Tuesday, May 22, 2007

GALILEE

by Michelle Bitting


for Dorianne


She speaks of blackberries, sweet multitudes of them
outside the house, stepping through the door
to be swallowed by a bulbous green tide. So flush
the blooming waves, neighbors spend Sundays
stooped about yards, hacking unruly nubs,
dark-fruited vines. Jam for eternity she says,
wonders why local markets overcharge
for what's manifold, rampant.

Makes me think of that Fat Cat oil exec,
thick-jowled one from Exxon
with lopsided lips. Who can forget
those seeds-for-eyes, the cartoon-huge cheeks
full of steaming smug loaves,
his ugly mug flooding the internet when
he greased millions during a presumed crisis?

What if plenty were enough, the crowded mouth
of one relieved by another too tired, too hungry to speak?
What if Jesus hadn't been such a loser,
had made disciples middlemen? Imagine bread
and fish wrangled, wrung through sweetheart pacts--
the profit crops, women and wine dealt, in the end,
to an elite few, while thousands grovel on hot
and dusty shores, swept away,
in time, by a sea of shimmering opulence.

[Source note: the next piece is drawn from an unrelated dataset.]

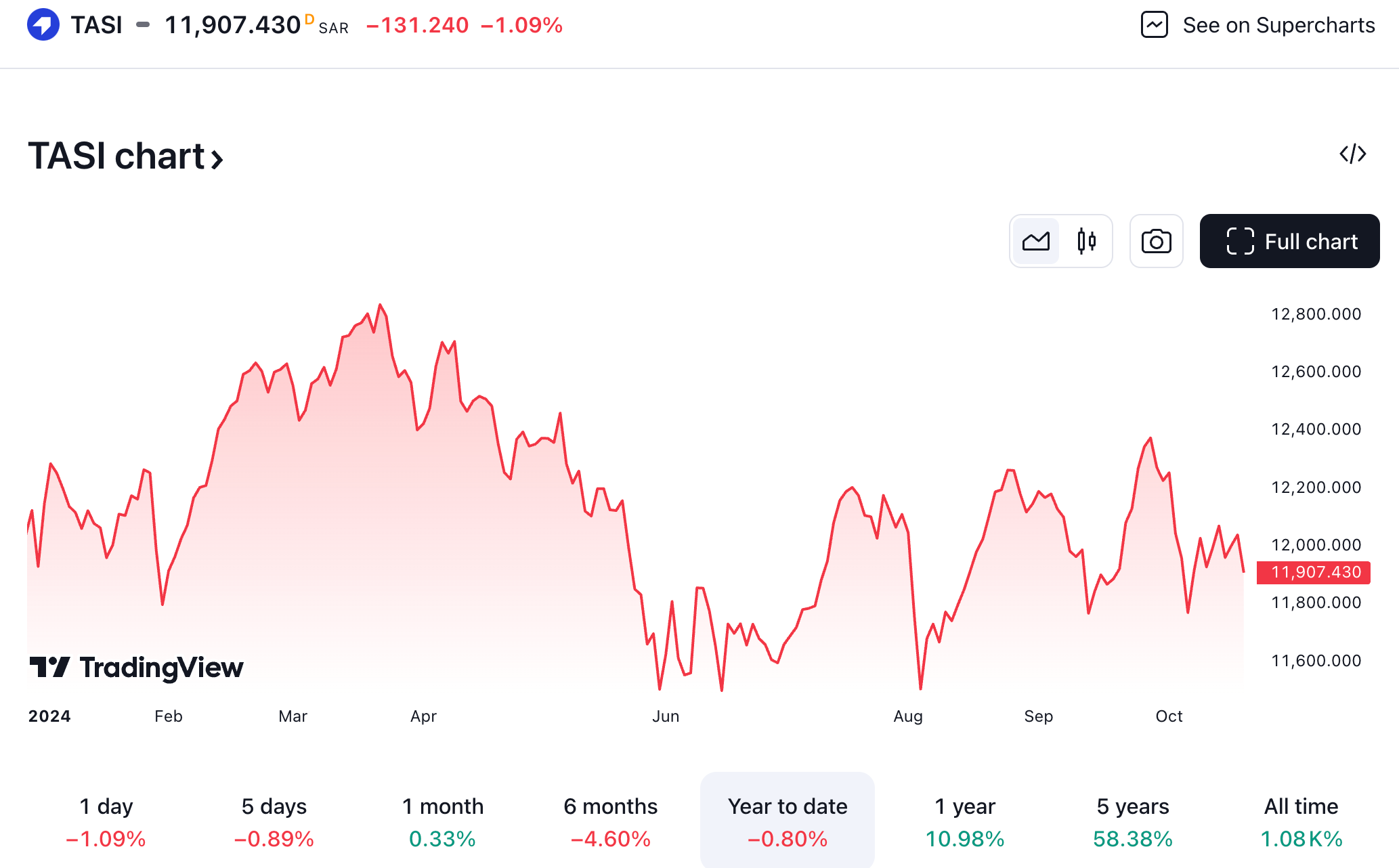 وعلى الرغم من الأداء القوي لمؤشر تاسي في شهر سبتمبر حيث أغلق المؤشر عن 12,226.100 نقطة. إلا أننا حاليا نواجه هبوط بمقدار -0.8% منذ بداية عام 2024.
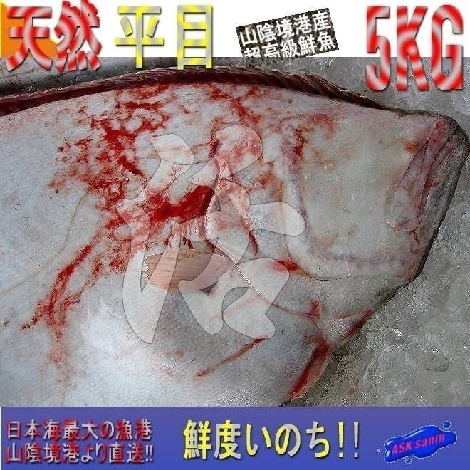磯の超高級魚 、 もちろん天然物!! 巨大です。 平 目 3kg~5kg 白身魚の代表格でもあります。 えんがわ といわれている1匹から ちょっとしか取れない部分は、珍味としてあまりにも有名。 刺身、あらい、煮付け、どう料理してもいける魚です。 . . . たまに、特大8kg以上の大物も上がります。 ご希望の方はメールにて連絡下さい。 日本海最大の漁港「山陰境港」より激安直送! . ※ なお、重量の増減により「3kgの落札価格」を基準として換算させていただきます。 例えば 3.5kgですと 「商品代金=落札価格×.3.5÷3」となります。 . 入札額= 1尾 3kgの値段 となります。 .. 釣り物ではありませんので〆てない場合がほとんどです。 日 本 海 最 大 の 漁 港 山陰境港 より直送 「本物」 の味を ど う ぞ ! ! 発送方法 冷蔵便 他商品との同梱 同梱不可同捆不可,商品會有獨立的日本運費。

Michelle Bitting has work forthcoming or published in Glimmer Train, Swink, Prairie Schooner, Poetry Daily, Narrative, Small Spiral Notebook, Nimrod, The Southeast Review, Many Mountains Moving, Passages North, The Comstock Review, Poetry Southeast, Vox, Rattle, Gargoyle and others. She has won the Glimmer Train, Rock & Sling Virginia Brendemeuhl Award and Poets On Parnassus Poetry Competitions. Formerly a dancer and a chef, she volunteers extensively with the hungry and homeless. She lives in Los Angeles with her husband, actor Phil Abrams, and their two children. Visit her website. She says, "At this point, I write because I have to. There is just no other way to survive."